→ **WHAT YOU NEED TO DO**:
Copy the data exactly from the line that contains "Praktische LED strip" through the line that contains "夏のデニムとちょっと違う?タ", keeping both end lines and leaving out everything else.

→ **DATA EXTRACT**:
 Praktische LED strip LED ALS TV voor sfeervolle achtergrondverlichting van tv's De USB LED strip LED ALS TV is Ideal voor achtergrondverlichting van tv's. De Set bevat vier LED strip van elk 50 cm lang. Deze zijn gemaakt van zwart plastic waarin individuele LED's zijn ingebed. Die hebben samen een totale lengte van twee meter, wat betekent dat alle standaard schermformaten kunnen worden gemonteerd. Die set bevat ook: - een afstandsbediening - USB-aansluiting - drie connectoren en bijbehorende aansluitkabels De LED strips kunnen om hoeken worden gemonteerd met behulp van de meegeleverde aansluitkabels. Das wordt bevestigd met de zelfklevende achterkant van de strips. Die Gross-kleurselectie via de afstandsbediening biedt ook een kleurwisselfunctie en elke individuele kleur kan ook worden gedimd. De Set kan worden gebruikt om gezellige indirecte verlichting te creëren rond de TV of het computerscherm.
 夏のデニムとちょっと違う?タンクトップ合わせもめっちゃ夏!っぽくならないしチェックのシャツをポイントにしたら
--
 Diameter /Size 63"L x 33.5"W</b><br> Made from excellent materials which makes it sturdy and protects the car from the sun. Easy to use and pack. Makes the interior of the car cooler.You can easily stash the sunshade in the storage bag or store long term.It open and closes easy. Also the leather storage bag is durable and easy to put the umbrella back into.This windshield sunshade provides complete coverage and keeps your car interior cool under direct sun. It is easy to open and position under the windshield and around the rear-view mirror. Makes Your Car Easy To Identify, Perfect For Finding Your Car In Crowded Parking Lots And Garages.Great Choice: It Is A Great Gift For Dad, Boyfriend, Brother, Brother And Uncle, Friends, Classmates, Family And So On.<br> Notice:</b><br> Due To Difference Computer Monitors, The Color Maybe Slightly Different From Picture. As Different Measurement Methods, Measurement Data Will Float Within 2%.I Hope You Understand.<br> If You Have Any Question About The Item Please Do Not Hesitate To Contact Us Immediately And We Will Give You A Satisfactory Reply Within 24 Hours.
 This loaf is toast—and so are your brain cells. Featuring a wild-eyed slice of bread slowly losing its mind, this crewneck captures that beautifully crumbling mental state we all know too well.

→ **COMPLETED TASK**:
 Praktische LED strip LED ALS TV voor sfeervolle achtergrondverlichting van tv's De USB LED strip LED ALS TV is Ideal voor achtergrondverlichting van tv's. De Set bevat vier LED strip van elk 50 cm lang. Deze zijn gemaakt van zwart plastic waarin individuele LED's zijn ingebed. Die hebben samen een totale lengte van twee meter, wat betekent dat alle standaard schermformaten kunnen worden gemonteerd. Die set bevat ook: - een afstandsbediening - USB-aansluiting - drie connectoren en bijbehorende aansluitkabels De LED strips kunnen om hoeken worden gemonteerd met behulp van de meegeleverde aansluitkabels. Das wordt bevestigd met de zelfklevende achterkant van de strips. Die Gross-kleurselectie via de afstandsbediening biedt ook een kleurwisselfunctie en elke individuele kleur kan ook worden gedimd. De Set kan worden gebruikt om gezellige indirecte verlichting te creëren rond de TV of het computerscherm.
 夏のデニムとちょっと違う?タンクトップ合わせもめっちゃ夏!っぽくならないしチェックのシャツをポイントにしたら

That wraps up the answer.